The Philippines' monolithic ruling party is showing signs of erosion. On Monday President Ferdinand Marcos fired his foreign minister, Arturo Tolentino, and on Tuesday Labor Minister Blas Ople resigned after being reprimanded by Mr. Marcos for saying that the political system of the government depended upon patronage.
In firing Tolentino and reprimanding Mr. Ople, Marcos is signaling that he is back in the saddle and ready to crack the whip on maverick party members who criticized -- or even ridiculed -- him during his latest bout of illness.
But the more the public perceives Marcos as ill, the more assertive have become the members of the ruling New Society Movement (KBL) who see themselves as Marcos's replacement.
In firing Mr. Tolentino, Marcos said the foreign minister has publicly taken positions that are ``incompatible with those of the government and myself.'' Even before Tolentino was appointed foreign minister last year, he had taken an independent stance from the KBL. But what triggered the firing was Tolentino's criticism of Marcos's recent move in appointing and recalling certain ambassadors. Tolentino had reportedly said the moves did not fall under the President's power.
Tolentino is one of a few KBL members who have been actively dissociating themselves from the party since Marcos's popularity started to quickly deteriorate after the assassination of opposition leader Benigno Aquino Jr. in August 1983. His sacking was therefore hardly a surprise, not the least to Tolentino himself. He had been needling Marcos, almost provoking the President's action.
It was Tolentino's distance from the official party line that considerably helped him win a seat in the National Assembly (parliament) during the election last May. He was the only KBL candidate who won a seat in the city of Manila. And even after being appointed foreign minister, Tolentino continued criticizing Marcos's policies, especially the way the President frequently used his power to make laws outside the parliament and order the arrest and detention of suspected subversives.
When Marcos fired Tolentino, he also sent a warning letter to Labor Minister Ople. Ople, who is expected to run in the presidential elections in 1987, resigned the next day. Marcos had not acted on Ople's resignation.
Ever since Marcos took ill last November, a number of KBL members have been maneuvering for position, trying to discreetly project themselves as potential presidential candidates in the post-Marcos era. Some have even tried to project themselves as having been victims of, rather than participants in, the degeneracy of the Marcos administration.
Tolentino, however, vehemently denies he has presidential ambitions. He says he is merely interested in continuing his law practice.
Although Marcos appears to have regained some physical strength, his recovery has not squelched questions about his long-term health. It has become evident over the past few years that whatever his ailment is, it is of the recurring type, and that each time he fell ill, he took longer to bounce back. Each time he never quite recovered his earlier strength.
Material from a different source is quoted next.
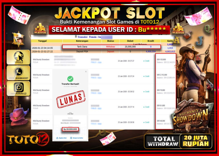 Selamat kepada Member Kami Bu****** Telah Jackpot dan berhasil mendapatkan kemenangan besar pada permainan JACKPOT SLOT GAME (WILD BOUNTY SHOWDOWN) Dengan Kemenangan Sebesar Rp.20.000.000 –. Setelah mengisi Fomulir Withdraw dengan Kurang waktu 1-2 Menit Dana sudah kami Trasnfer kepada Pemilik Userid dan dana sudah dapat di cairkan oleh pemenang. Bukti Pembayaran yang TOTO12 berikan merupakan Bukti…
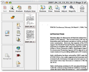 Basically, you install the software, plug in the power cord and USB cable, and let your Macintosh Windows recognize the scanner. The software consists of three items, on separate CDs. The Fujitsu scanner Setup CD is accompanied by a copy of Acrobat 7 Standard and the device optimized copies of Readiris 11.5 and Cardiris 3. Since I have Acrobat 8 Professional installed, I did not use the provided copy of Acrobat 7. Acrobat 8, once selected in the Fujitsu software’s settings worked just fine. I installed the I.R.I.S. software, after taking with the I.R.I.S technical support. The software, which is mostly identical to my Readiris Pro 11.03, has been optimized to make converting ScanSnap output to searchable PDF documents more automatic. I found that to be so.

It is not only KBL members who are showing more assertiveness. The Supreme Court, whose powers have been dimmed under Marcos, has also shown signs of stirring up. Recent court decisions have embarrassed the government -- most recently its orders to release several alleged subversives detained under Marcos's Preventive Detention Action. Because a PDA is issued by Marcos, the court ruling asserted judicial supremacy over the President's powers.
A number of cases before the Supreme Court could bring it into direct conflict with the government. One major issue is the court's authority over decisions of the Commission on Elections (Comelec), some of which have been questioned before the court by opposition politicians. With local elections due next January, the government would not welcome the Supreme Court's looking over Comelec's shoulder.
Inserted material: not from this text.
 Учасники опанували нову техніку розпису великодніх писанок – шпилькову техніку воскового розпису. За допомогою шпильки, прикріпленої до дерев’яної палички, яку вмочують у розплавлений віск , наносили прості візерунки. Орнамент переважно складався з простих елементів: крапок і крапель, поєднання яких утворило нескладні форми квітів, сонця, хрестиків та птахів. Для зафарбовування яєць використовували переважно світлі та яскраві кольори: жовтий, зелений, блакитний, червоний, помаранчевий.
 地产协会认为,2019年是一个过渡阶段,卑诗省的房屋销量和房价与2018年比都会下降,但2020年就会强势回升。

A confrontation between the government and the Supreme Court could have serious repercussions. If the government refuses to acknowledge the ultimate authority of the Supreme Court, it will spell the end of the elaborate legalism that Marcos has cultivated around his rule.
Meanwhile, Marcos's recovery will dampen, at least for the time being, the intense rivalries among presidential hopefuls within the ruling KBL. But there is little doubt who has emerged as the front-runner.
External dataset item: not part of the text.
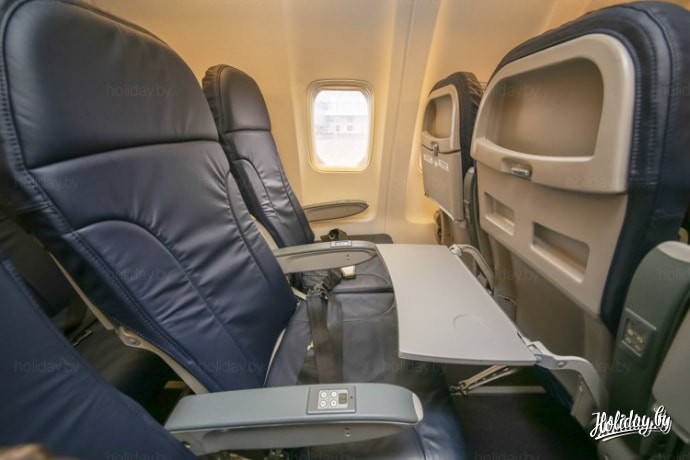 Чтобы понять, насколько комфортный салон у нового самолета «Белавиа», мы зашли внутрь. Boeing-737-800 может похвастаться вместительными и закругленными багажными полкам и мягкими сидениями.
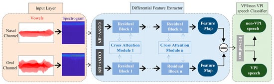 As shown, CARS-Net contains three parts: the input layer, difference feature extractor (DFE), and VPI/non-VPI speech classifier. First, the acoustic signals of vowels are collected by two microphones in front of the oral cavity and nasal cavity. They are transformed into spectrograms as the network inputs. Then, the inputs go through the DFE to produce the difference feature map. The DFE contains two branching networks for the two inputs. The two branching networks are linked by the cross-attention module proposed in this paper. Finally, the difference feature map is fed into the VPI/non-VPI speech classifier for automatic classification. The next four sections describe the details of the three parts and loss function for training the network.

That is none other than Imelda Marcos, the President's powerful and ambitious wife. Two other principal contenders, Ople and Defense Minister Juan Ponce Enrile, seem to have stepped back from the maneuvers.
In a recent interview with this correspondent, Ople said, ``The President has become more solicitous and caring for Mrs. Marcos.''
Ople admits that among the KBL leaders, Mrs. Marcos's ``political star shines the brightest.''
In the absence of a strong alternative candidate either from the opposition or from a breakaway KBL group, few would be willing to oppose her. While Mrs. Marcos is not generally popular, as evidenced by the KBL's failure in her home turf, Metro Manila, during the last election, the opposition appears to underestimate her and will probably not back a common candidate to oppose her. In that situation, many KBL members believe she would have a good chance of winning and would be willing to throw their lot with her.